■ TASK STATEMENT
Print the listing below only from the line that has "brick building on" through the line that has "Automatic Watch MAN-RO-03-SL", exactly, and drop any picture.

■ THE DATA
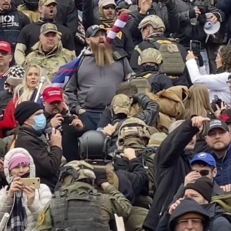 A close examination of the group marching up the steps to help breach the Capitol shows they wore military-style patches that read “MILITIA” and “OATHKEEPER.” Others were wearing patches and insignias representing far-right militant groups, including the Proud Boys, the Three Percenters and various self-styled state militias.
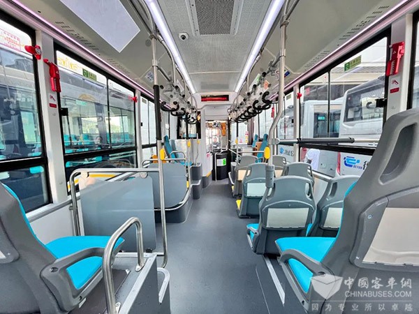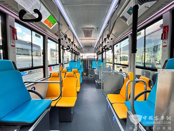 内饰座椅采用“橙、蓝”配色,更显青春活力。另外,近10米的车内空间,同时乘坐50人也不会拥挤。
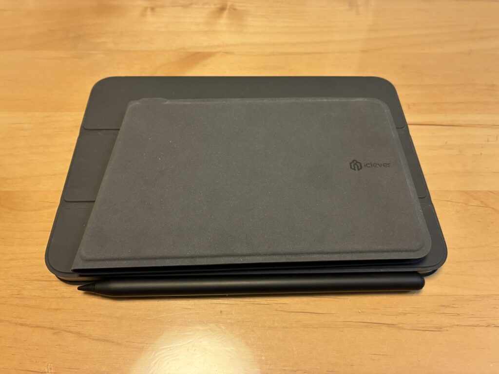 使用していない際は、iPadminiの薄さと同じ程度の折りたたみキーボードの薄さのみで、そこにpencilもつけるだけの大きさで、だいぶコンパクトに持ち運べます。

---

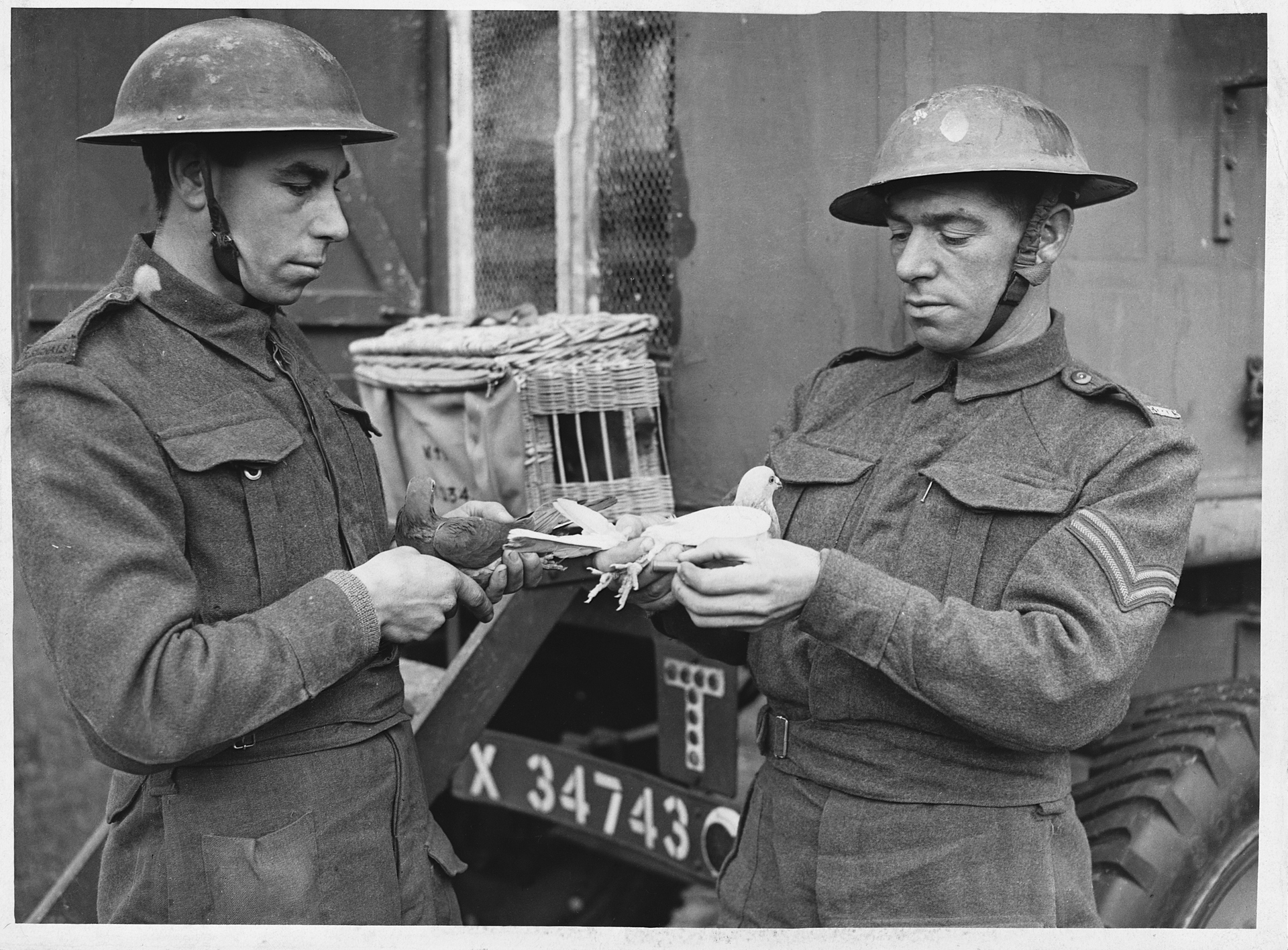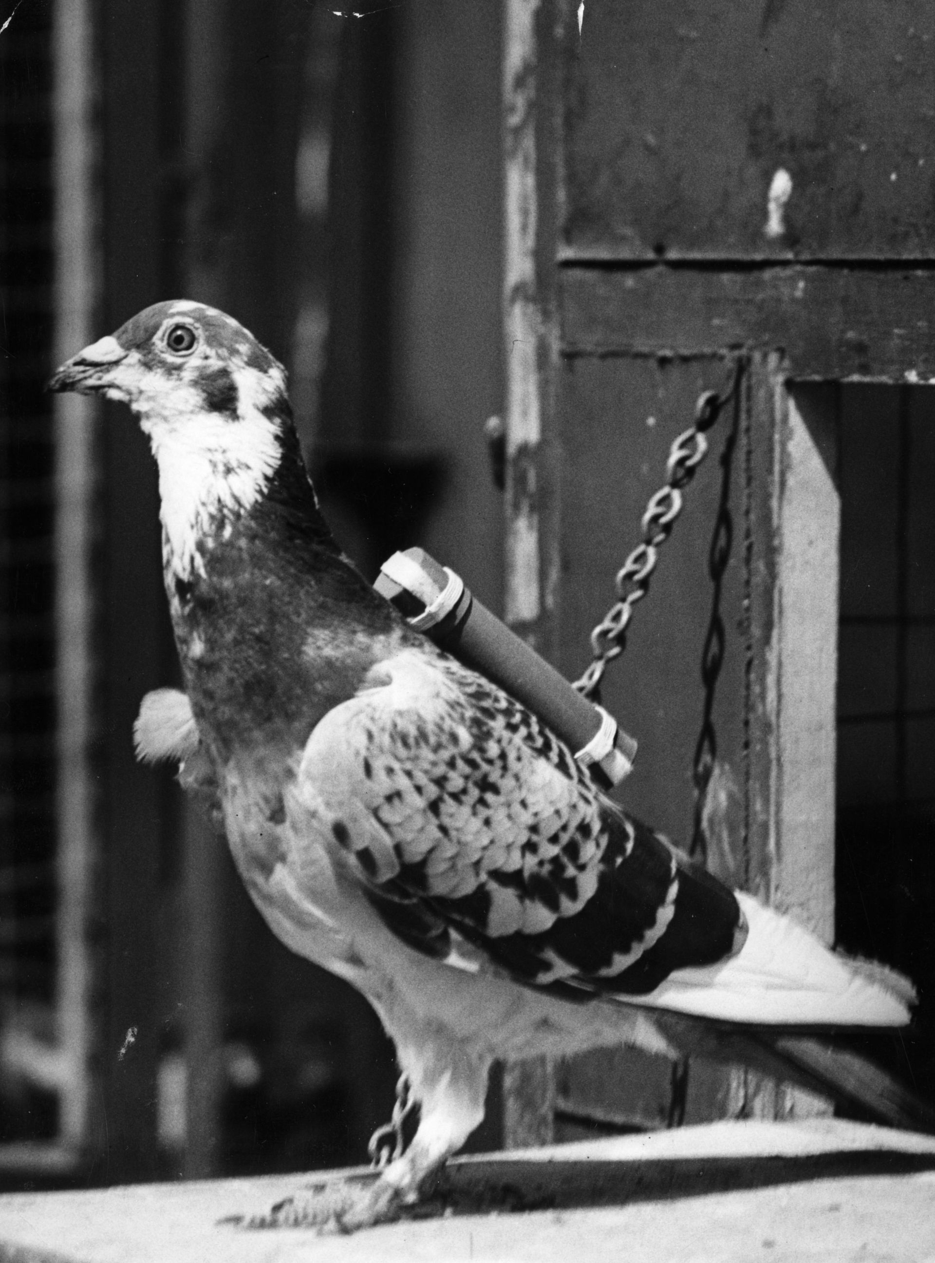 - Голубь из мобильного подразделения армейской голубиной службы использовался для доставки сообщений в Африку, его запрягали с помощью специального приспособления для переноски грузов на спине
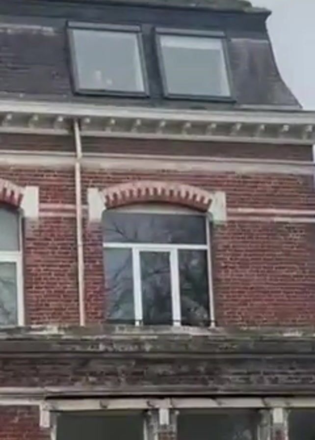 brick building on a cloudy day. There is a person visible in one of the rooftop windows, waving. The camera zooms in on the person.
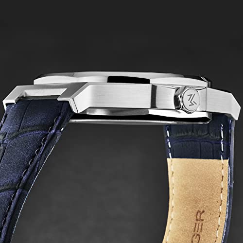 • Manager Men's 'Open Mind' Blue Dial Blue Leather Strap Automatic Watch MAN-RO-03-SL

■ TASK OUTPUT
 brick building on a cloudy day. There is a person visible in one of the rooftop windows, waving. The camera zooms in on the person.
 • Manager Men's 'Open Mind' Blue Dial Blue Leather Strap Automatic Watch MAN-RO-03-SL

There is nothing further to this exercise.